Comparison of blood collection protocols
To investigate how cfDNA yield and LMW fractions were affected by blood collection tubes and protocols, we collected 3 blood samples each from 23 healthy volunteers (12 males and 11 females): one EthyleneDiamineTetraacetic Acid (EDTA) tube processed within 1 hour and two Cell-free DNA Blood Collection Tubes (BCT) stored at ambient temperature for 24 hours and 72 hours prior to processing (labeled here as BCT 24 hr and BCT 72 hr respectively). We processed all samples identically and extracted cfDNA using QIAamp Circulating Nucleic Acid kit (QIAGEN). We measured cfDNA yield and fragment size using ddPCR. Mean LMW GEs/mL plasma for EDTA, BCT 24 hr, and BCT 72 hr were 1,925, 1,591, and 1,514 respectively with no significant difference between collection protocols (ANOVA p = 0.439, Fig. 4a and Supplemental Table 5). LMW fractions for EDTA, BCT 24 hr, and BCT 72 hr were 87%, 88%, and 90% respectively with no significant difference (ANOVA p = 0.083, Fig. 4b).
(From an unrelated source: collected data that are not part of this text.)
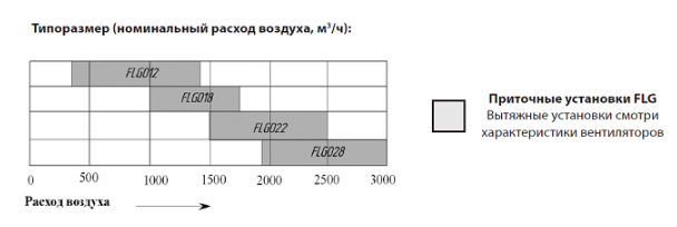 Установки FLG являются специализированными вариантами серии KLG и основаны на блочно-модульной конструкции. Они собираются из определённых типов секций четырёх типоразмеров: 012, 018, 022 и 028.
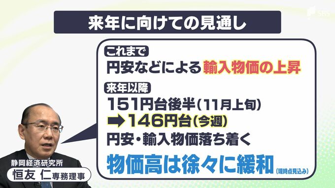 静岡経済研究所の恒友仁専務理事によりますと、これまでの物価高は円安による輸入物価の上昇が主な原因でした。しかし、11月上旬は1ドル=151円台後半でしたが、今週に入り、146円台となり、円安が落ち着いてきました。よって、2024年以降は物価高は徐々に緩和する見込みとしています。長引く物価高への辛抱は、もう少し続きそうです。
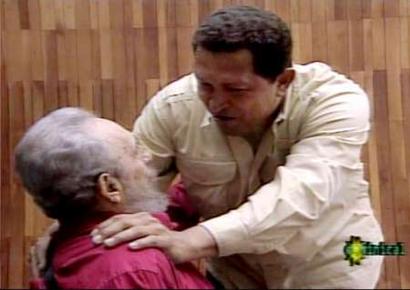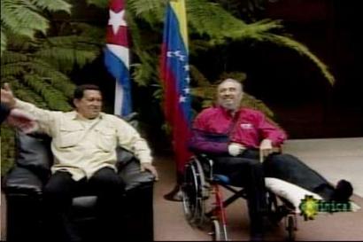 新聞報道稱,卡斯特羅與查維斯在上星期六晚上舉行了八個小時的會談。電視臺的畫面顯示,卡斯特坐在輪椅上,他的腿打了石膏,胳膊也用懸?guī)У踔?/p>

To assess whether cell-stabilizing preservative would affect background noise in cfDNA sequencing, we prepared targeted sequencing libraries using a molecular tagging approach that can help distinguish non-reference alleles arising in the original template molecules from errors introduced during PCR amplification. We sequenced 43 samples including all 3 pairs from 12 individuals and 7 additional samples. We generated an average of 7.64 million read pairs per sample and achieved mean unique coverage in the target region of 37.0 read families (with an average 3.92 members/read family). To measure background noise, we calculated global nucleotide mismatch rate (GMR) as the sum of the number of read families with non-reference alleles divided by the sum of unique coverage across all targeted loci (additional details in Methods). GMR per million bases was 37.8 ± 12.2, 30.8 ± 9.11 and 30.8 ± 7.77 for EDTA, BCT 24 hr and BCT 72 hr samples respectively (mean ± standard deviation). GMR between paired samples from the same individuals was highly correlated across tube types (Pearson r = 0.652, 0.647 and 0.758, p = 0.022, 0.017 and 0.003 for the three pairwise comparisons, Supplemental Figure 5). This suggests that biological noise (in vivo) was a much larger contributor to measured GMR instead of noise introduced during sample processing or analysis. Since depth of coverage would determine our ability to measure low-abundance noise, we adjusted GMR by unique depth of coverage and found no significant difference between EDTA and BCT 24 hr as well as EDTA and BCT 72 hr samples (paired t-test p = 0.998, n = 12 pairs and p = 0.451, n = 13 pairs respectively, Fig. 4c).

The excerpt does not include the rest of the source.